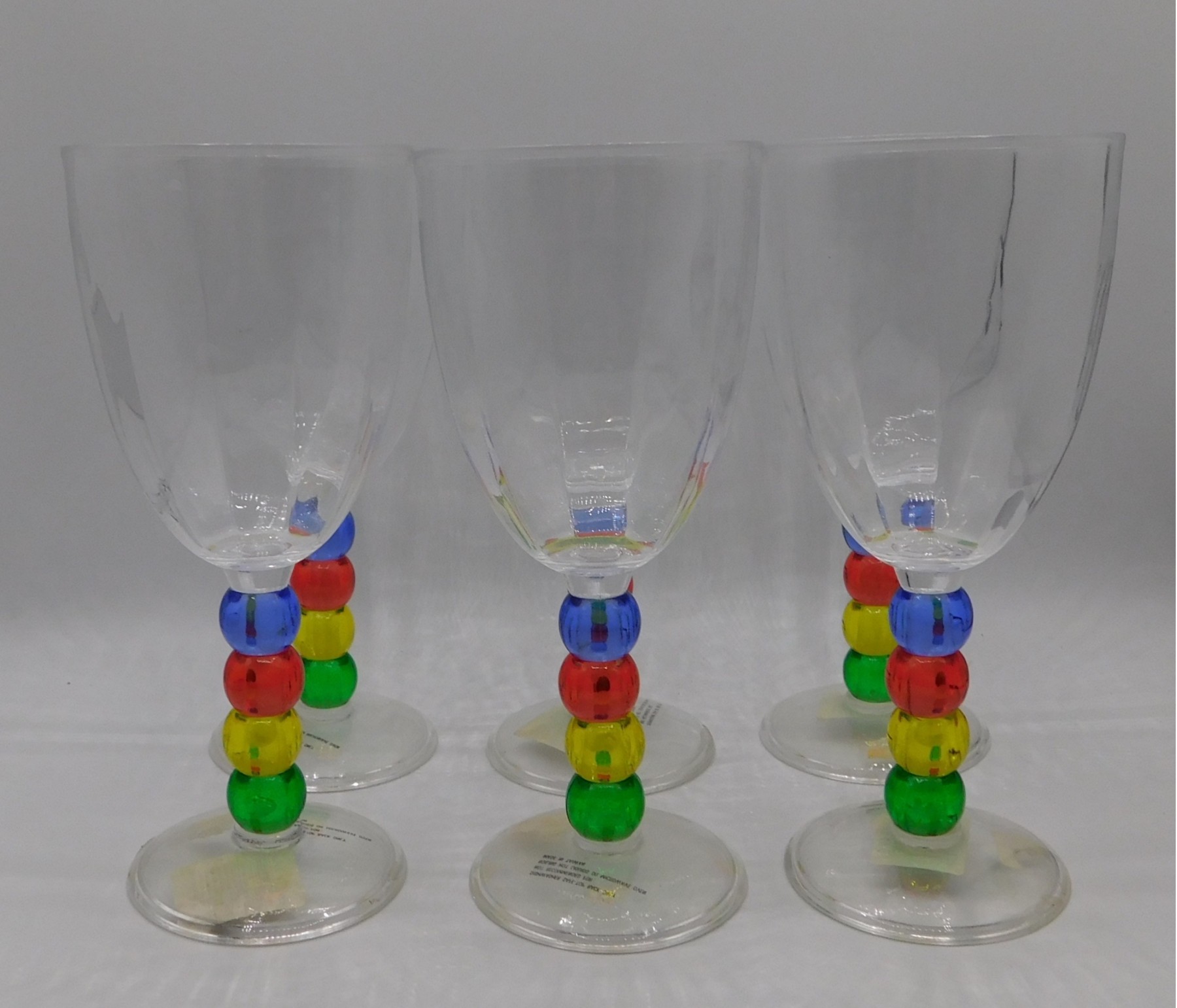 Multicolor Bubble Stem Plastic Drinking Goblets - Set Of 6
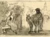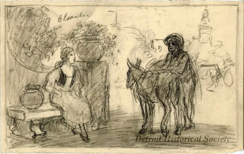 Pencil sketches drawn by Charles E. Waltensperger on beige paper of a woman seated on a bench next to another figure walking with a horse. The woman wears a dress, vest, and scarf on her head. A planter of flowers on a bannister behind the women is labeled, "oleander."
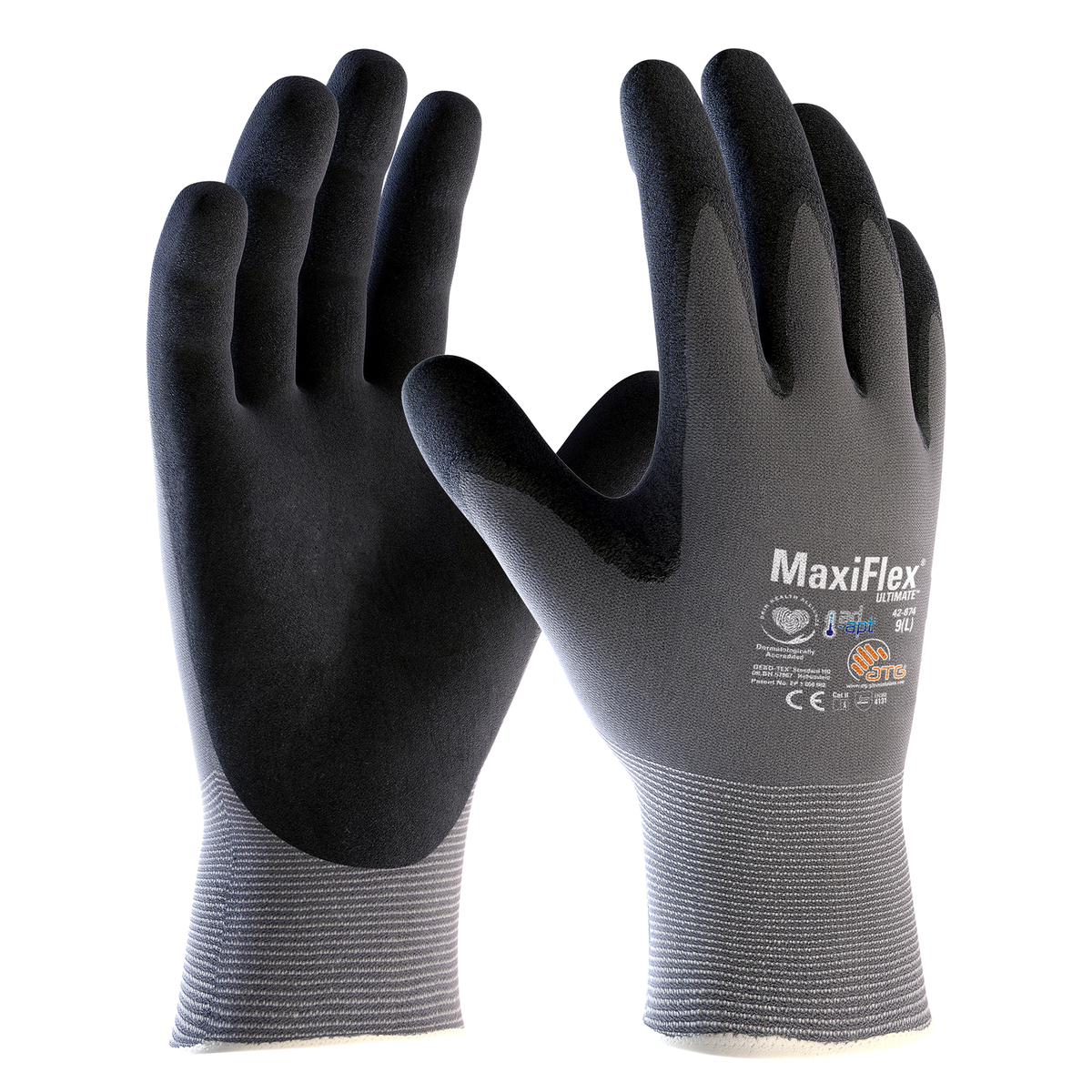 Protective Industrial Products MaxiFlex® Ultimate™ AD-APT™ 15 Gauge Black Microfoam Nitrile Palm And Finger Coated Work Gloves With Nylon/Elastane Liner And Knit Wrist
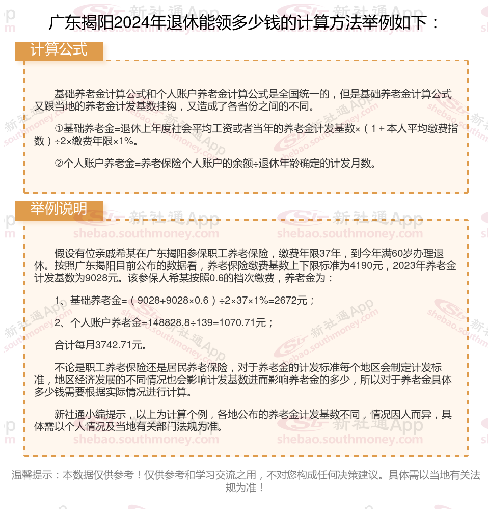 广东揭阳退休工资养老金计算方法及公式2024年最新(举例说明)
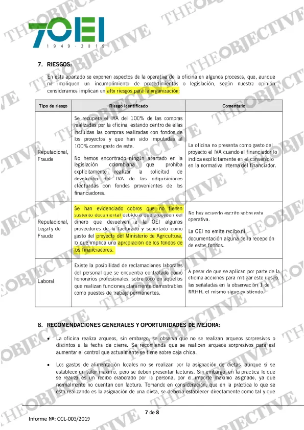 A modo de conclusiones, la auditoría interna alerta de los «altos riesgos para la organización» y reporta fraudes en la recuperación del Impuesto del Valor Añadido (IVA), que está exento en los proyectos de cooperación. Pero también alertaba de posibles irregularidades en torno a proyectos «que no tienen sustento documental». Hace referencia el informe al citado proyecto del Ministerio de Agricultura, del que llama la atención porque «no hay acuerdo suscrito sobre esta operativa». Y apunta a que podría implicar una «apropiación de los fondos de los financiadores».

- - -

What this task involves:
Make an exact copy of every record, pictures excluded.

Answer for this exercise:
 Multicolor Bubble Stem Plastic Drinking Goblets - Set Of 6
 Pencil sketches drawn by Charles E. Waltensperger on beige paper of a woman seated on a bench next to another figure walking with a horse. The woman wears a dress, vest, and scarf on her head. A planter of flowers on a bannister behind the women is labeled, "oleander."
 Protective Industrial Products MaxiFlex® Ultimate™ AD-APT™ 15 Gauge Black Microfoam Nitrile Palm And Finger Coated Work Gloves With Nylon/Elastane Liner And Knit Wrist
 广东揭阳退休工资养老金计算方法及公式2024年最新(举例说明)
 A modo de conclusiones, la auditoría interna alerta de los «altos riesgos para la organización» y reporta fraudes en la recuperación del Impuesto del Valor Añadido (IVA), que está exento en los proyectos de cooperación. Pero también alertaba de posibles irregularidades en torno a proyectos «que no tienen sustento documental». Hace referencia el informe al citado proyecto del Ministerio de Agricultura, del que llama la atención porque «no hay acuerdo suscrito sobre esta operativa». Y apunta a que podría implicar una «apropiación de los fondos de los financiadores».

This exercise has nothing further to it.